Imaginez signer un bail pour un immense entrepôt en pleine euphorie ludique, pour réaliser deux ans plus tard qu’il est en train de couler votre entreprise.

Grosse. Mauvaise. Nouvelle. Black Book Éditions (BBE), pilier lyonnais du jeu de rôle depuis 2004, éditeur de mastodontes comme Pathfinder, Shadowrun ou Chroniques Oubliées, a annoncé dans un email envoyé aux backers de leurs projets hier jeudi 13 novembre avoir demandé l’ouverture d’une procédure de redressement judiciaire.
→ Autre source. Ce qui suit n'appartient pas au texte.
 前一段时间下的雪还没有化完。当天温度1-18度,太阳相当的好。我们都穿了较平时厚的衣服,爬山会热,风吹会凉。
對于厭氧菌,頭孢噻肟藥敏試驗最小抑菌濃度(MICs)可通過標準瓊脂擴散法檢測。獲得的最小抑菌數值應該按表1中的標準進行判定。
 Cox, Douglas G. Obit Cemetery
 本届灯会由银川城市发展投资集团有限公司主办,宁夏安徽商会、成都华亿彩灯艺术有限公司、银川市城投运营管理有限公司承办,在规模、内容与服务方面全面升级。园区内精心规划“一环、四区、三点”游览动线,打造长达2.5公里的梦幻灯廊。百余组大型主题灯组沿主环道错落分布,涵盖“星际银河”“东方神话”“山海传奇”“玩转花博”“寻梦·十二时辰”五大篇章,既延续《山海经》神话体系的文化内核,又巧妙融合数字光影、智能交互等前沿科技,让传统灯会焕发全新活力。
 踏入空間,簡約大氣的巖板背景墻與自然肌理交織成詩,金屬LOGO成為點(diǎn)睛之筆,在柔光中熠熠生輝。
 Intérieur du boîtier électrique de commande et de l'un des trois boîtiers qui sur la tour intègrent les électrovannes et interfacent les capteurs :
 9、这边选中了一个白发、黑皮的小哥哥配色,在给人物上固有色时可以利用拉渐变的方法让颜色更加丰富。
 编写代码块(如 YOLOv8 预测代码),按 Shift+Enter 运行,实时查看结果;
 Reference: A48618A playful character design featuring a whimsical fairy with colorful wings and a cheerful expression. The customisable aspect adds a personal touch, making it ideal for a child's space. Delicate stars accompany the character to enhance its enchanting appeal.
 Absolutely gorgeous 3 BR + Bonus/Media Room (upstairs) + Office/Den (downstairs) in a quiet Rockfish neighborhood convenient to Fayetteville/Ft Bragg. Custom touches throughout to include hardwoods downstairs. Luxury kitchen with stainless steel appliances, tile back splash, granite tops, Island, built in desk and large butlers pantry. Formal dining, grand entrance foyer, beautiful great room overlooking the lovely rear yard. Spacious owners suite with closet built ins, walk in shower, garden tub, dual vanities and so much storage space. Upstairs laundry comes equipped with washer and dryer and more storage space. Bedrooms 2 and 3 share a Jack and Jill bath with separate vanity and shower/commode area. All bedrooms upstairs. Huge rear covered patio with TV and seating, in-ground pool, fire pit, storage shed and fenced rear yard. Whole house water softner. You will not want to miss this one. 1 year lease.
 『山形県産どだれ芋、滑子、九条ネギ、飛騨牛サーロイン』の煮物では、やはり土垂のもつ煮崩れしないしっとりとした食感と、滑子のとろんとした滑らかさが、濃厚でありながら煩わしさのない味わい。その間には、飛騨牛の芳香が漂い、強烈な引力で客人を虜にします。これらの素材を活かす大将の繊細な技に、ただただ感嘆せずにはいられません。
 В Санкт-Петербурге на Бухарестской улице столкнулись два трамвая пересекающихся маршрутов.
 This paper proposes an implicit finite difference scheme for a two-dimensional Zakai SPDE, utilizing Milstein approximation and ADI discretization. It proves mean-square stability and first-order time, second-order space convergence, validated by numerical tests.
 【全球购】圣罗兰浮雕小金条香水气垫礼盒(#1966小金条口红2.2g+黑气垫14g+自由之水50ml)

Chez Gus&Co, cette annonce nous touche forcément. Mais avant de paniquer, il faut comprendre ce que cela signifie. Non, ce n’est pas un « Game Over ». C’est une manœuvre stratégique, une décision « volontaire et anticipée » pour protéger l’entreprise et éviter la liquidation. Bref, BBE tente un jet de sauvegarde critique pour rester dans la partie.

Le tableau ci-dessous synthétise les données financières clés de Black Book Éditions pour l’exercice 2021, illustrant la situation avant la crise financière la plus récente. Les derniers comptes publiés et accessibles pour Black Book Éditions sont ceux de l’exercice clos au 31/12/2021.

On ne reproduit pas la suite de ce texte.